Supplied material:
----------

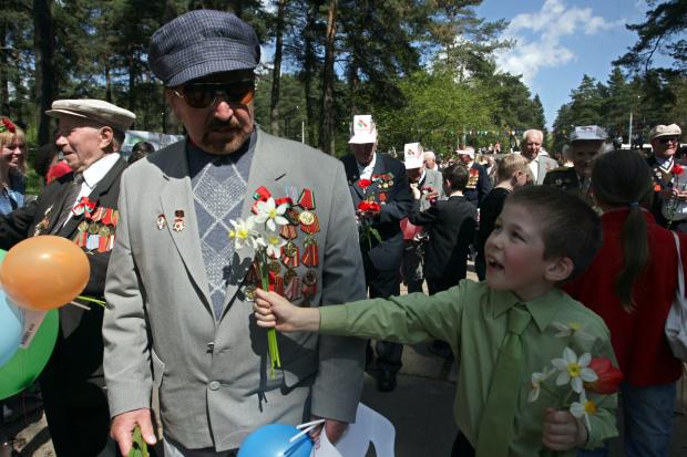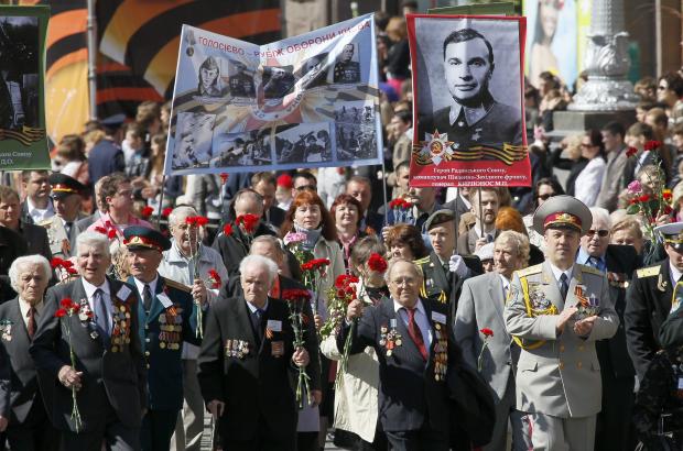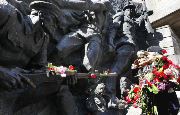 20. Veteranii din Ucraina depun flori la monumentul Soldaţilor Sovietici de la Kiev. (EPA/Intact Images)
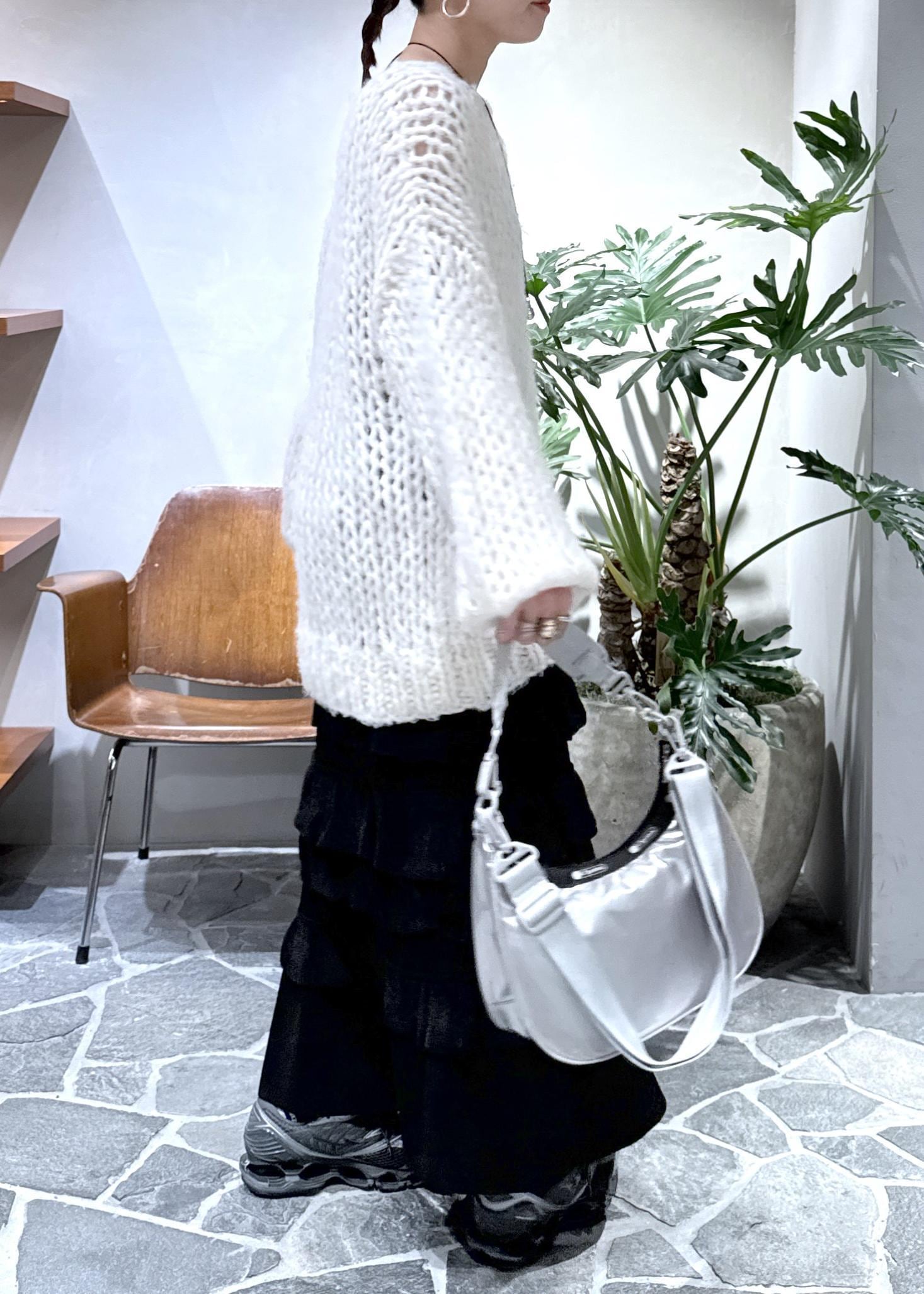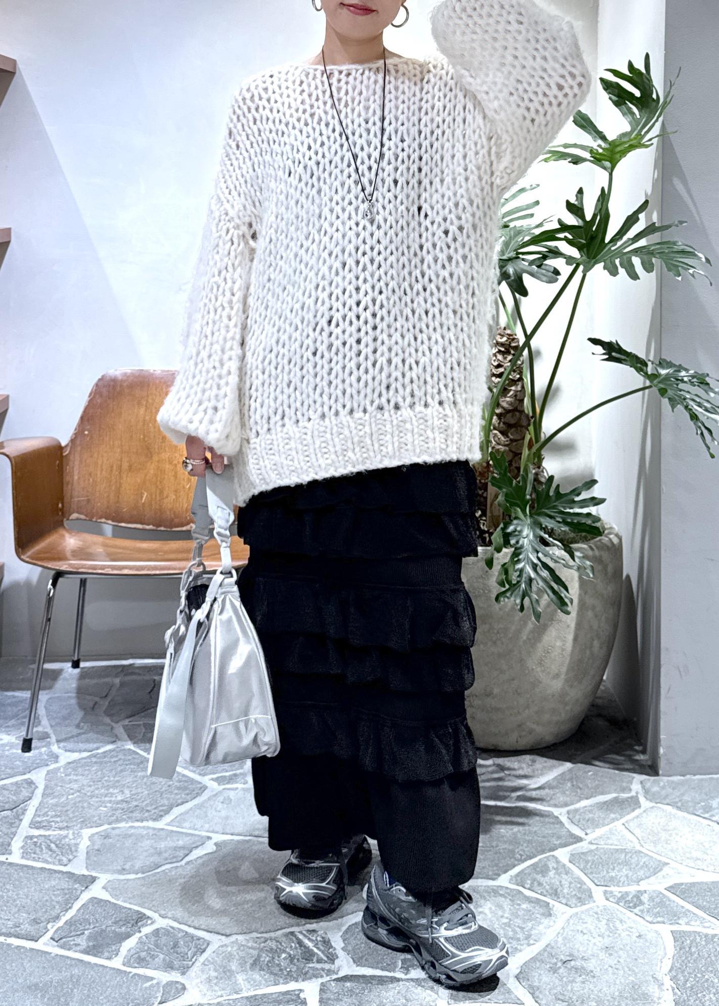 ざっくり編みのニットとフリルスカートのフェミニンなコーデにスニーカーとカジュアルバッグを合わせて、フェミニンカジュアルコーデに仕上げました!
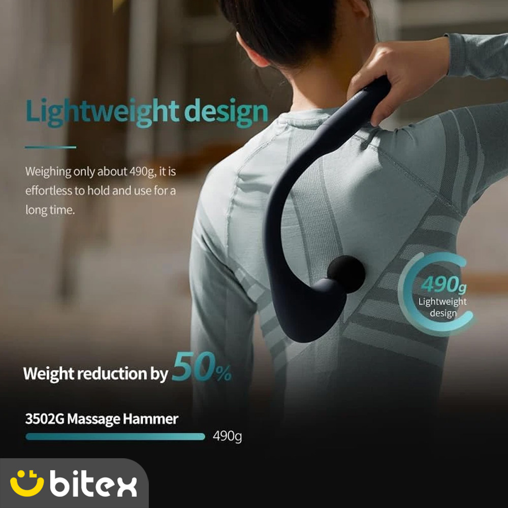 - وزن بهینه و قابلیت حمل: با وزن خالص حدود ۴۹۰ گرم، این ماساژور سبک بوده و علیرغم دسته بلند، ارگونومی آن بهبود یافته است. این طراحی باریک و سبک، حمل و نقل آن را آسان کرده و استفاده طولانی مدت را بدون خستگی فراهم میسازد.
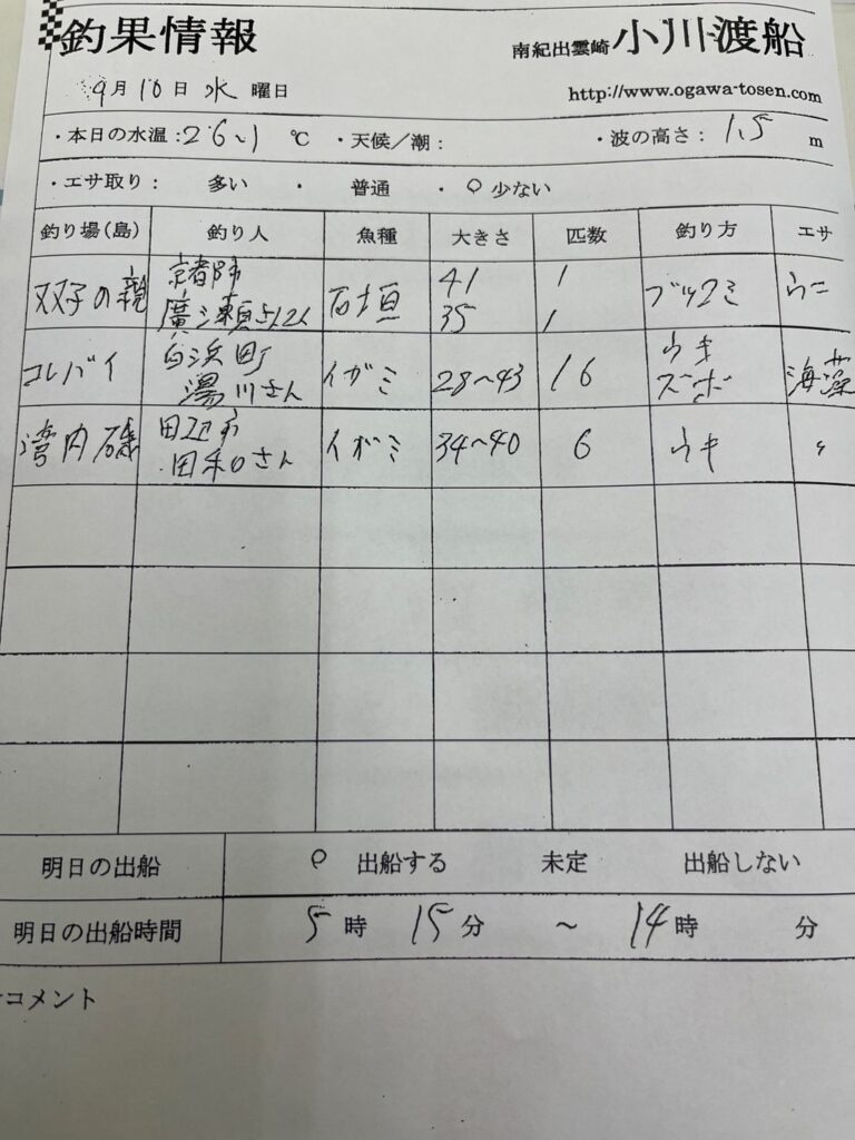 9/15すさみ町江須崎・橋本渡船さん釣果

----------

Try it: Word for word, restate the lines from the line containing "ざっくり編みのニットとフリル" through the end of the data, including the first and last of them. Pictures stay out.

Written reply:
 ざっくり編みのニットとフリルスカートのフェミニンなコーデにスニーカーとカジュアルバッグを合わせて、フェミニンカジュアルコーデに仕上げました!
 - وزن بهینه و قابلیت حمل: با وزن خالص حدود ۴۹۰ گرم، این ماساژور سبک بوده و علیرغم دسته بلند، ارگونومی آن بهبود یافته است. این طراحی باریک و سبک، حمل و نقل آن را آسان کرده و استفاده طولانی مدت را بدون خستگی فراهم میسازد.
 9/15すさみ町江須崎・橋本渡船さん釣果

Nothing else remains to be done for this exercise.